* DESCRIPTION OF THE TASK *
Leaving the pictures aside, reproduce the data in full and word for word.

* PROVIDED DATA *
○ ○ ○ ○ ○

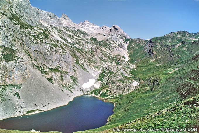 Cette situation structurale explique de façon très évidente la localisation du lac, car l'effacement, à cet endroit, de la barre calcaire du flanc oriental du synclinal de l'Aiguillette a dû inciter les glaces descendant du revers est du Galibier s'engager directement par la brèche ainsi ouverte dans cette barrière : leur passage s'y est accompagné très logiquement d'un surcreusement* dans les terrains tendres du cœur de synclinal, immédiatement en amont du verrou constitué par le flanc ouest du pli.
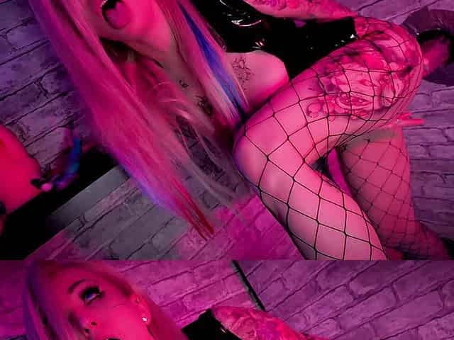 Latex and fishnet clad busty chick Adele loves doggy style!
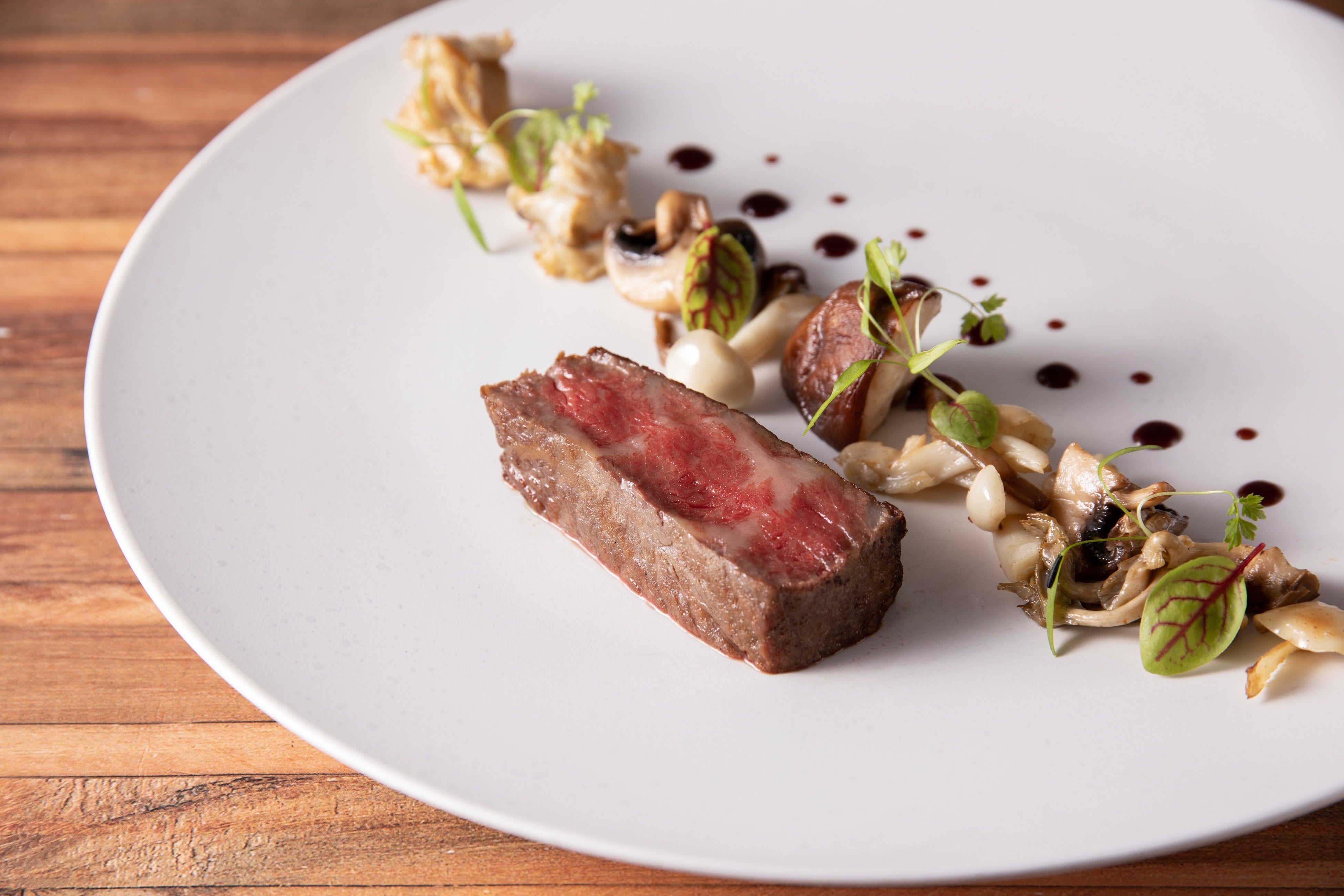 神奈川県のブランド牛やまゆりは、風味が豊かで柔らかく、脂質も上質な味わいがあると人気を集めています。メイン料理は、やまゆりのサーロイン部分を低温でじっくりと焼き上げました。旬のキノコと、国産品種マスカットベリーAで作られた赤ワインソースでご賞味ください。

○ ○ ○ ○ ○

* RESULT FOR THIS TASK *
 Cette situation structurale explique de façon très évidente la localisation du lac, car l'effacement, à cet endroit, de la barre calcaire du flanc oriental du synclinal de l'Aiguillette a dû inciter les glaces descendant du revers est du Galibier s'engager directement par la brèche ainsi ouverte dans cette barrière : leur passage s'y est accompagné très logiquement d'un surcreusement* dans les terrains tendres du cœur de synclinal, immédiatement en amont du verrou constitué par le flanc ouest du pli.
 Latex and fishnet clad busty chick Adele loves doggy style!
 神奈川県のブランド牛やまゆりは、風味が豊かで柔らかく、脂質も上質な味わいがあると人気を集めています。メイン料理は、やまゆりのサーロイン部分を低温でじっくりと焼き上げました。旬のキノコと、国産品種マスカットベリーAで作られた赤ワインソースでご賞味ください。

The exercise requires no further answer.